Generative AI can produce different outputs even when given the same input multiple times - in simpler language, you might get different answers if you ask the same question over again.

Lack of Real-World Understanding

Generative AI models lack true understanding of the world (everything is just words to generative AI) They generate responses based on patterns learned during training but do not understand ideas in the same way that we do.

Bias and Fairness

Generative AI models can inherit biases from the data they are trained on, which can result in unfair or discriminatory outputs. Addressing bias in AI remains a significant challenge.

Limited Creativity

While generative AI can produce impressive content, it lacks true creativity and the ability to "think outside the box".

Over-Reliance on Training Data

Generative AI tools heavily rely on the quality and quantity of their training data. They may produce inaccurate or biased results if the training data is insufficient or unrepresentative. Also, these tools may struggle to generalise to data that significantly differs from their training data - they are really good at generating content that's similar to what they've seen before but not so good at creating content that's very different from their training data. It's like a chef who learned to cook by only making pizzas, they might be very good at making different types of pizzas, but they might struggle to make casseroles because making casseroles was never part of their training.

Out-of-Date Training Data

Generative AI tools have been trained on a vast body of training data, but it's not necessarily current. As of March 2025, ChatGPT's free version training data doesn't go beyond June 2024. This will change as new training data is fed to ChatGPT and more current versions of the platform made available to all users, not just those who pay for it. There are several problems with using out-of-date training data.

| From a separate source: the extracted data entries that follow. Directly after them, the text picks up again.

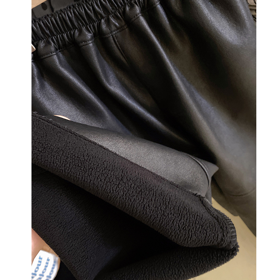 韩国女童加绒皮裤中小童冬季厚直筒裤子宝宝百搭时尚宽松加厚长裤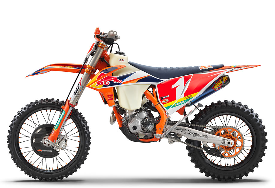 For 2021, the 350 XC-F is available exclusively in KTM Orange, while the more advanced 350 XC-F Kailub Russell has an exclusive KTM Factory Racing livery.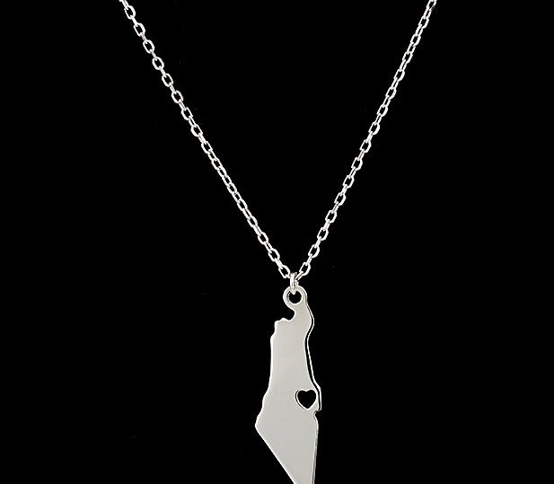 Necklace is 40cm, with a 5cm extension, and 9x30mm Israel with cut-out heart pendant.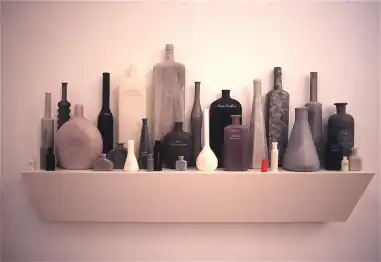 Around this time, Porges developed a predilection for working with wax and began creating the cast wax bottle sculptures for which she became widely known.[18][24][38] Appearing in groups, the bottles bore thought-provoking labels and evoked apothecary medicines in their arrangement on shelves and in cabinets.[39] Those that appeared in her 2000 show "Miraculous Vessels" were described by New York Times critic Ken Johnson as "poetic" and "metaphysical," suggesting such impalpable contents as "Youth With Wisdom," and "Solitude Without Loneliness."[25] In similar fashion, her 1999 sculpture Natural Magic: Cures for Modern Maladies features a miscellaneous assortment of bottles with intangible labels such as "For Compassion Fatigue" and "To Relieve Boredom." The bottles are grayscale in tone save for a small red one marked "Drink Me."[8] Her satirical piece Acts of (Self) Deception (2000) critiques the hyperbolic use of language with imaginary bottle contents that include "The Science of Square Dancing" and "The Art of Point-of-Purchase Packaging."[18]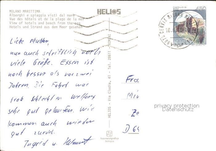old postcard Milano Marittima Alberghi e spiaggia visti dal mare Hotels Strand postalisch gelaufen Erhaltung siehe scans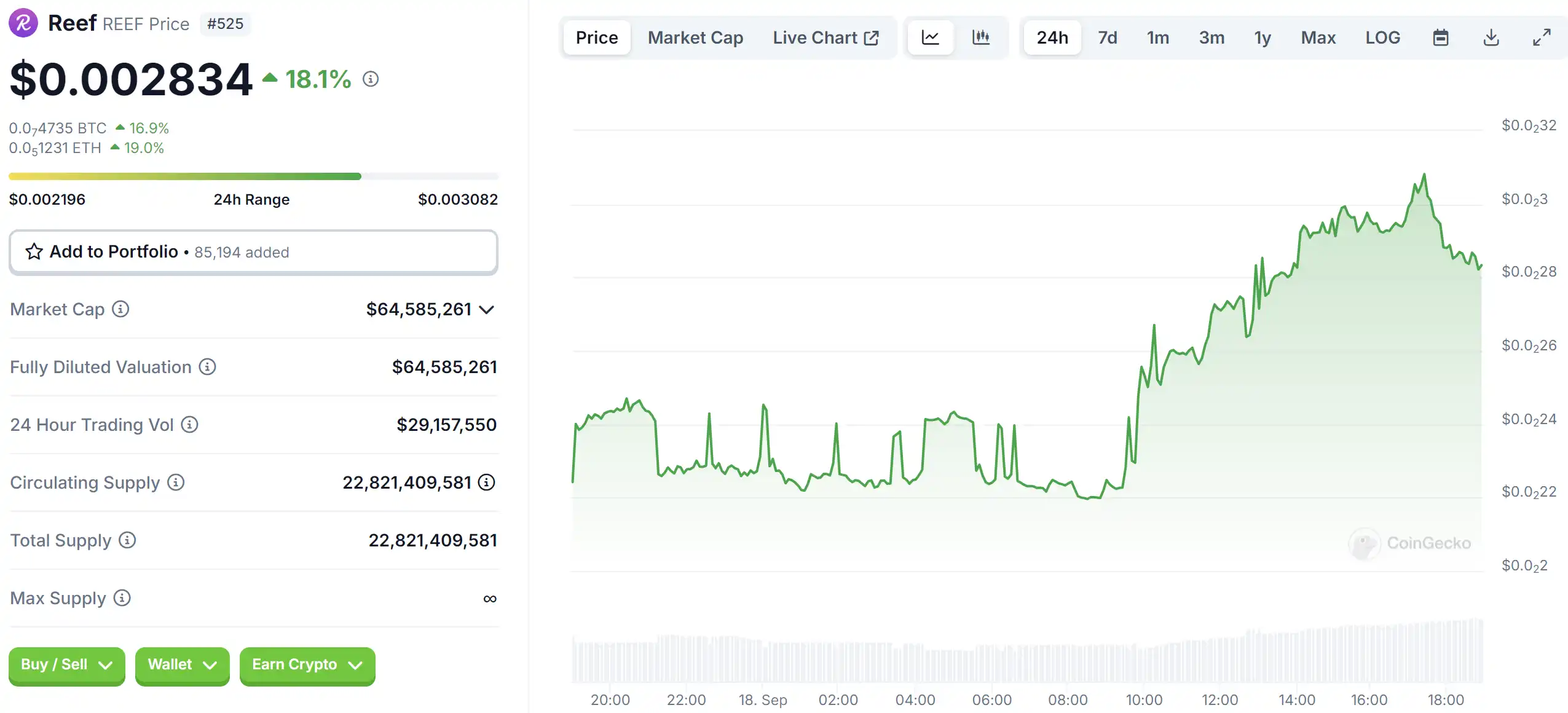 9 月 18 日代币波动情况,按交易量筛选并排列

Older training data might lead the AI to provide incorrect or outdated information, especially in areas that change quickly. It may not be aware of recent events, so its answers can miss important context. As language and cultural norms evolve, models trained on old data might misunderstand new ways of speaking or current social attitudes. They can also repeat old biases that were present in the original data. Outdated models might not recognize new computer security threats or best practices, making them less safe to use. Lastly, models based on old information may struggle with tasks that require up-to-date knowledge, which can make them less helpful overall.

Before using generative AI, always read and understand what it is you're actually dealing with.